- _SUPPLIED MATERIAL_
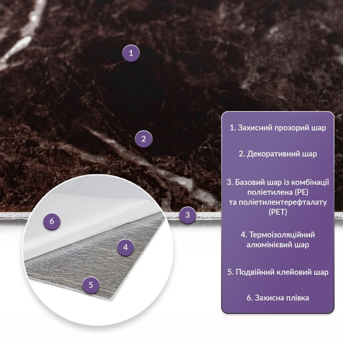 Самоклеящаяся стеновая PET плитка Sticker wall 600*300*2mm (D) SW-00002319 Самоклеющаяся стеновая PET плитка Sticker wall — это современное и удобное решение для стильного и быстрого обновления интерьера. Она идеально подходит для создания оригинальных акцентов на стенах, добавляя текстуры и глубины пространству. Материал представляет собой смесь двух полимеров - полиэтилена (PE) и полиэтилентерефталата (PET), которая обеспечивает отличные клеящие свойства и прочность. Размеры: - Плитка: 60 см х 30 см х 2 мм - Длина: 60 см - Высота: 30 см - Толщина: 2 мм Вес: плитка 60 см х 30 см - 104 грамм. Площадь покрытия: 60 см х 30 см х 2 мм – 0,18 кв. м, количество на 1 кв. м – 6 единиц. Фактура: ровная. Материал содержит следующие слои: 1. Прозрачный защитный слой. 2. Декоративный слой с изображением. 3. Основной слой, состоящий из сочетания полиэтилена (PE) и полиэтилентерефталата (PET). 4. Термоизоляционный слой из алюминия. 5. Двойной слой клея. 6. Защитная бумага. Температурный режим: -40 – +75 градусов. Применение: Может быть использован для различных внутренних отделочных работ, таких как декорирование стен в жилых помещениях (например, кухня, ванная комната, гостиная, детская или спальня, входная зона) и коммерческих помещениях (офисы, зоны рецепции, магазины, салоны красоты, фитнес-центры и общественные места). Кроме того, его можно использовать для декорирования мебели, дверей и других ровных поверхностей. Свойства и преимущества материала: 1. Легкость и прочность: обладает легкостью и прочностью, что упрощает его транспортировку, монтаж и обеспечивает долгий срок службы. Он удобен в установке, может быть легко вырезан ножницами или монтажным ножом, не требует дополнительных материалов или профессиональных навыков. Материал не расщепляется, не надувается и не деформируется между полосами, с минимальными потерями, что делает его идеальным для стеновых покрытий. 2. Водостойкость: этот материал устойчив к воздействию влаги, пару и грибку, что делает его подходящим для применения в помещениях с высокой влажностью, таких как ванные комнаты и кухни. Его можно использовать для создания фартука на кухне, проклеивая плитки на расстоянии не менее 20-25 см. 3. Изоляция: плитка обеспечивает звуковую и теплоизоляцию благодаря наличию воздушных прослоек и дополнительному алюминиевому слою. 4. Антистатический эффект: в составе покрытия содержится антистатик, что предотвращает накопление пыли на поверхности. 5. Разнообразие дизайна: плитки доступны в разнообразных цветовых и структурных вариациях, что позволяет выбрать подходящий дизайн для вашего интерьера. 6. Имитация других материалов: дизайн этой плитки разработан с учетом имитации других материалов, таких как камень или керамика, предлагая эстетически приятное решение по доступной цене. 7. Экологическая дружелюбность: материал может быть утилизирован и переработан, что делает его более экологически чистым вариантом по сравнению с некоторыми другими материалами. 8. Простота обслуживания: поверхность плитки легко очищается и не требует особого ухода. 9. Долгий срок службы: материал является прочным и устойчивым к износу, что гарантирует его долгий срок службы. Монтаж: Шаг 1 Перед началом установки убедитесь, что поверхность, на которую вы собираетесь устанавливать плитку, чиста, суха и ровна. Необходимо удалить все следы пыли, грязи или масла с поверхност
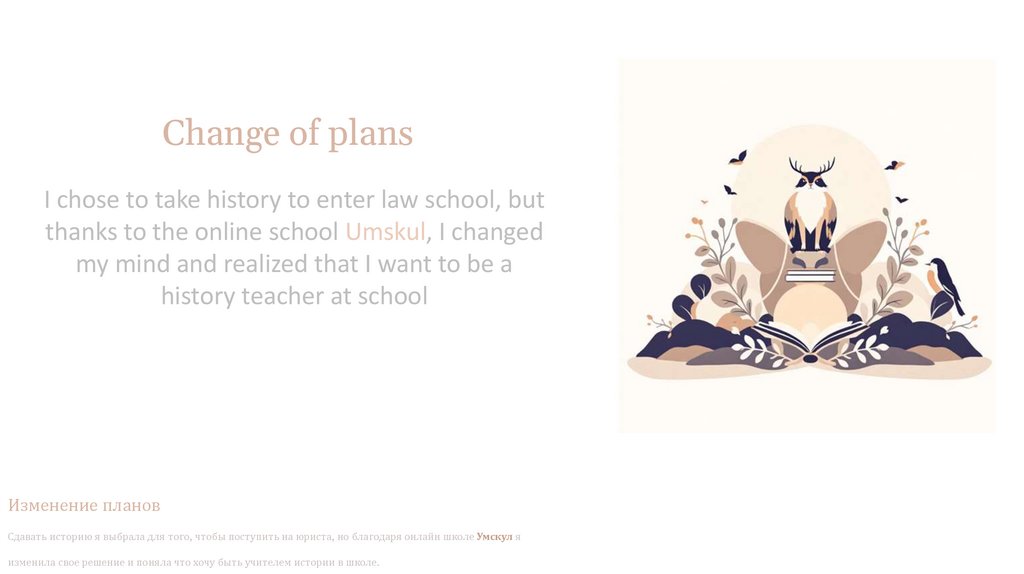 изменила свое решение и поняла что хочу быть учителем истории в школе.
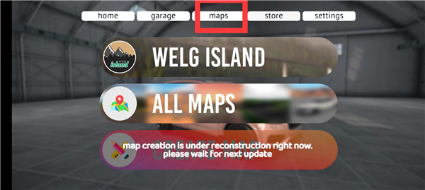 1. 来到游戏首页,点击“garage”,玩家能够通过点击左右键,挑选自己心仪的车辆。
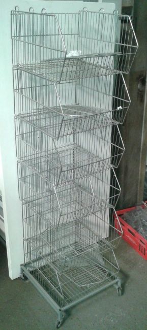 6 x 470mm wide stacking baskets + dividers on a trolley

- _TASK TO COMPLETE_
Images are to be skipped, and each line above is to be returned exactly.

- _RESULT BELOW_
 Самоклеящаяся стеновая PET плитка Sticker wall 600*300*2mm (D) SW-00002319 Самоклеющаяся стеновая PET плитка Sticker wall — это современное и удобное решение для стильного и быстрого обновления интерьера. Она идеально подходит для создания оригинальных акцентов на стенах, добавляя текстуры и глубины пространству. Материал представляет собой смесь двух полимеров - полиэтилена (PE) и полиэтилентерефталата (PET), которая обеспечивает отличные клеящие свойства и прочность. Размеры: - Плитка: 60 см х 30 см х 2 мм - Длина: 60 см - Высота: 30 см - Толщина: 2 мм Вес: плитка 60 см х 30 см - 104 грамм. Площадь покрытия: 60 см х 30 см х 2 мм – 0,18 кв. м, количество на 1 кв. м – 6 единиц. Фактура: ровная. Материал содержит следующие слои: 1. Прозрачный защитный слой. 2. Декоративный слой с изображением. 3. Основной слой, состоящий из сочетания полиэтилена (PE) и полиэтилентерефталата (PET). 4. Термоизоляционный слой из алюминия. 5. Двойной слой клея. 6. Защитная бумага. Температурный режим: -40 – +75 градусов. Применение: Может быть использован для различных внутренних отделочных работ, таких как декорирование стен в жилых помещениях (например, кухня, ванная комната, гостиная, детская или спальня, входная зона) и коммерческих помещениях (офисы, зоны рецепции, магазины, салоны красоты, фитнес-центры и общественные места). Кроме того, его можно использовать для декорирования мебели, дверей и других ровных поверхностей. Свойства и преимущества материала: 1. Легкость и прочность: обладает легкостью и прочностью, что упрощает его транспортировку, монтаж и обеспечивает долгий срок службы. Он удобен в установке, может быть легко вырезан ножницами или монтажным ножом, не требует дополнительных материалов или профессиональных навыков. Материал не расщепляется, не надувается и не деформируется между полосами, с минимальными потерями, что делает его идеальным для стеновых покрытий. 2. Водостойкость: этот материал устойчив к воздействию влаги, пару и грибку, что делает его подходящим для применения в помещениях с высокой влажностью, таких как ванные комнаты и кухни. Его можно использовать для создания фартука на кухне, проклеивая плитки на расстоянии не менее 20-25 см. 3. Изоляция: плитка обеспечивает звуковую и теплоизоляцию благодаря наличию воздушных прослоек и дополнительному алюминиевому слою. 4. Антистатический эффект: в составе покрытия содержится антистатик, что предотвращает накопление пыли на поверхности. 5. Разнообразие дизайна: плитки доступны в разнообразных цветовых и структурных вариациях, что позволяет выбрать подходящий дизайн для вашего интерьера. 6. Имитация других материалов: дизайн этой плитки разработан с учетом имитации других материалов, таких как камень или керамика, предлагая эстетически приятное решение по доступной цене. 7. Экологическая дружелюбность: материал может быть утилизирован и переработан, что делает его более экологически чистым вариантом по сравнению с некоторыми другими материалами. 8. Простота обслуживания: поверхность плитки легко очищается и не требует особого ухода. 9. Долгий срок службы: материал является прочным и устойчивым к износу, что гарантирует его долгий срок службы. Монтаж: Шаг 1 Перед началом установки убедитесь, что поверхность, на которую вы собираетесь устанавливать плитку, чиста, суха и ровна. Необходимо удалить все следы пыли, грязи или масла с поверхност
 изменила свое решение и поняла что хочу быть учителем истории в школе.
 1. 来到游戏首页,点击“garage”,玩家能够通过点击左右键,挑选自己心仪的车辆。
 6 x 470mm wide stacking baskets + dividers on a trolley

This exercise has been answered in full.